Ohh we don't give it computer use access or anything like that. We inject tokens post tool call, so to protect users from the agent doing anything malicious.
Seems to me that these kind of systems, by design, tick all three boxes. I've had many discussions with people that let agent systems read and act on their incoming email for instance, and I think it's utter insanity from a security perspective.
Not really and this is totally not related to Slashy, it just look like the same as the other 20 Slashys launched last month. Launch HNs used to be exciting.
Maybe HN/ycombinator is just not interesting anymore. I saw some of you commenting that this might be similar to the famous Dropbox situation.

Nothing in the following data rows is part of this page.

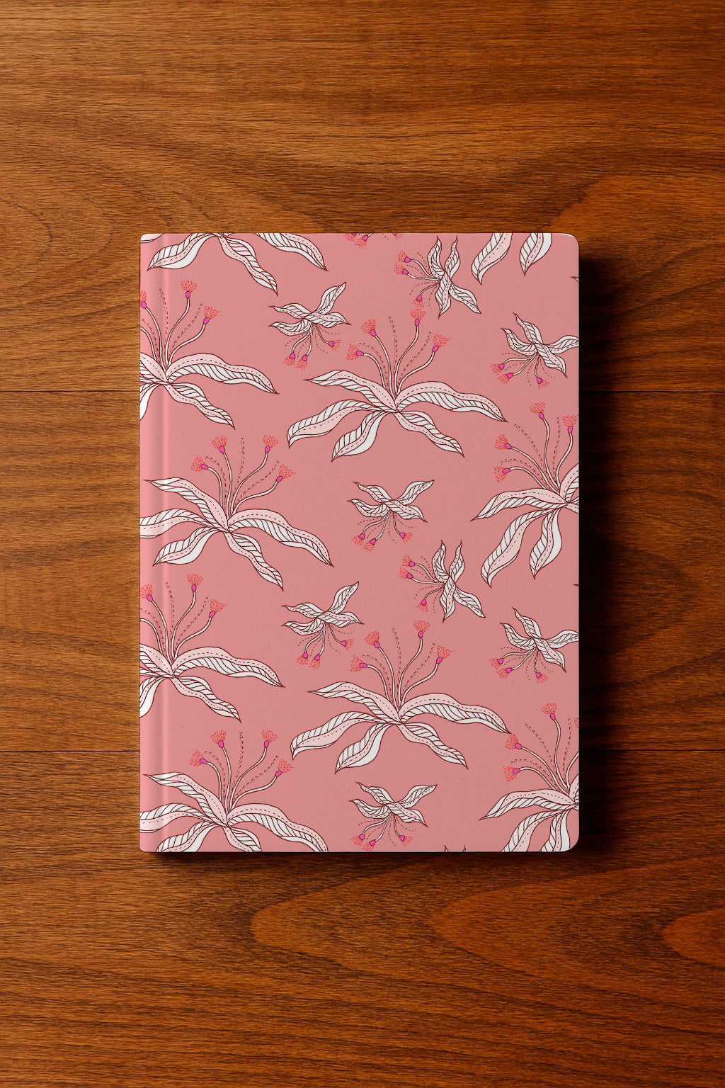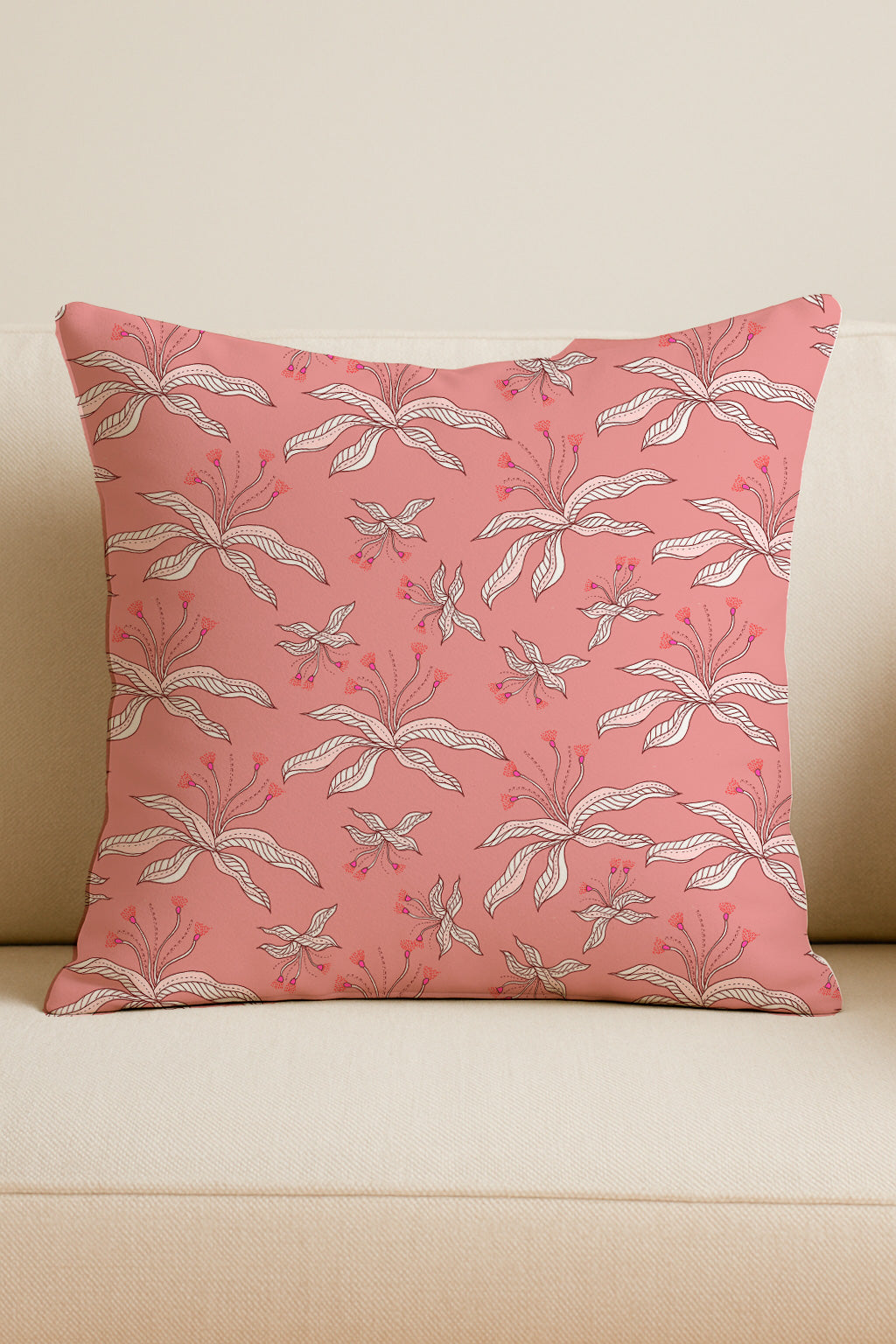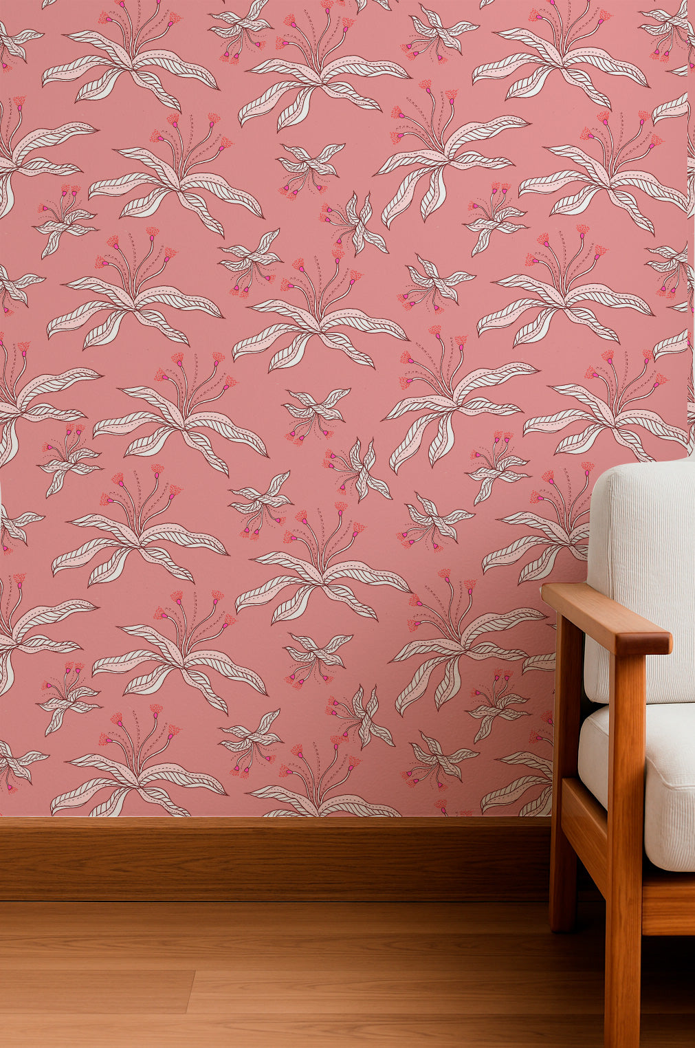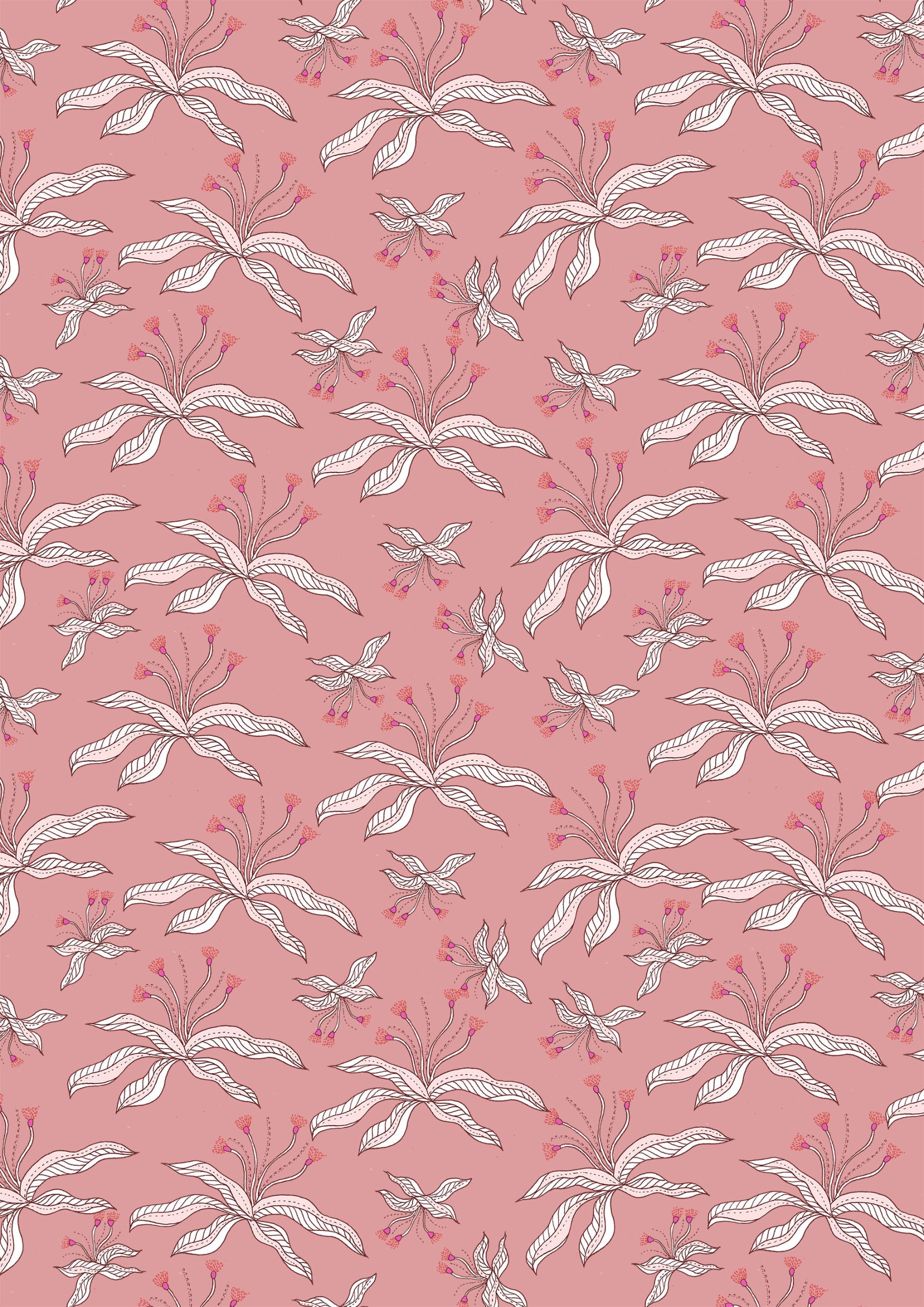 Soft pink background adorned with white and pink abstract flowers and slender leaves.
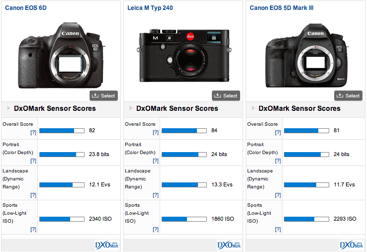 DxOMark published their test results for the new Leica M type 240 camera. The latest digital rangefinder from Leica show significant improvements over the previous M9 model, but the full frame cameras from Nikon still show slightly better dynamic range and low light capabilities:
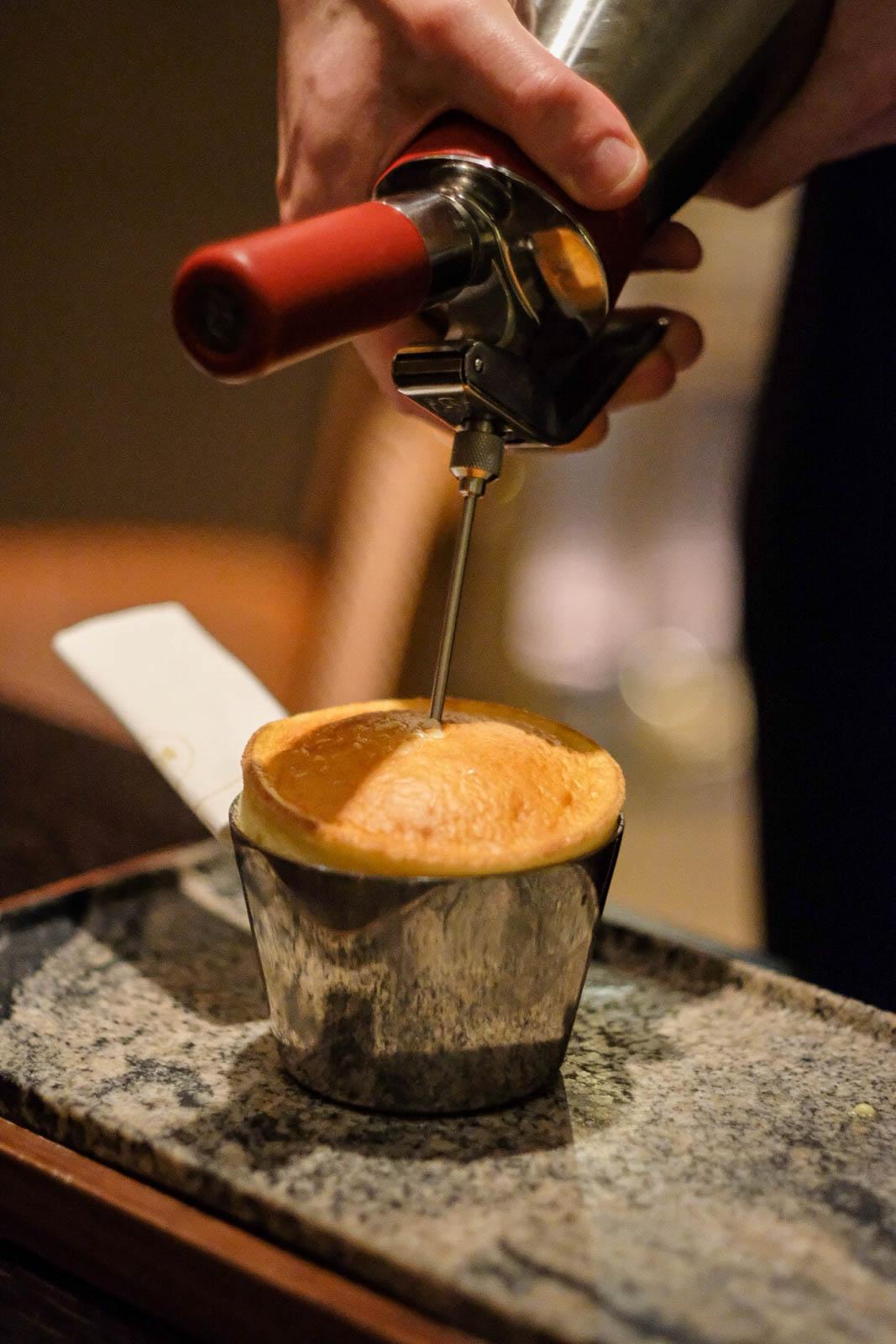 Palace, évidemment, avec une moyenne de 3 serveurs par table, tous tirés à 4 épingles, mais sans affectation. La jeune équipe, menée de main de maître par Valentin Langlois, laisse au contraire transparaître sa joie d'être là. La salle est particulièrement mise à l'honneur chez Nonos où, du service du déjà fameux « Soufflé » au plateau de fromages, en passant par le chariot de tranche, l'essentiel du spectacle se passe sous nos yeux, pour le plus grand bonheur des étrangers et des Parisiens qui en oublient d'être blasés.

That could not be more delusional and representative of what HN became, a meme of itself.
The strategy is throw a little bit of money at everything, hope one of them will become a unicorn, everyone gets richer.
Rinse and repeat.
You're right though ... these YC batches are not what they used to be. AI is hot right now, so it seems YC is throwing money at anything that seems like it can at least actually do something (not that it is necessarily good). If that product doesn't get hot, who cares? Plenty more money to go around on the next batch, because one of them probably will!
Have you actually tried this approach? I’m curious as to the result, especially when you took it to your lawyer. Not a contract review but a business practice risk evaluation.
So you do have access to all the data. It's not really a great look if you're lying about what you have access to, and this is a technical audience, it's not like we don't know how agents work.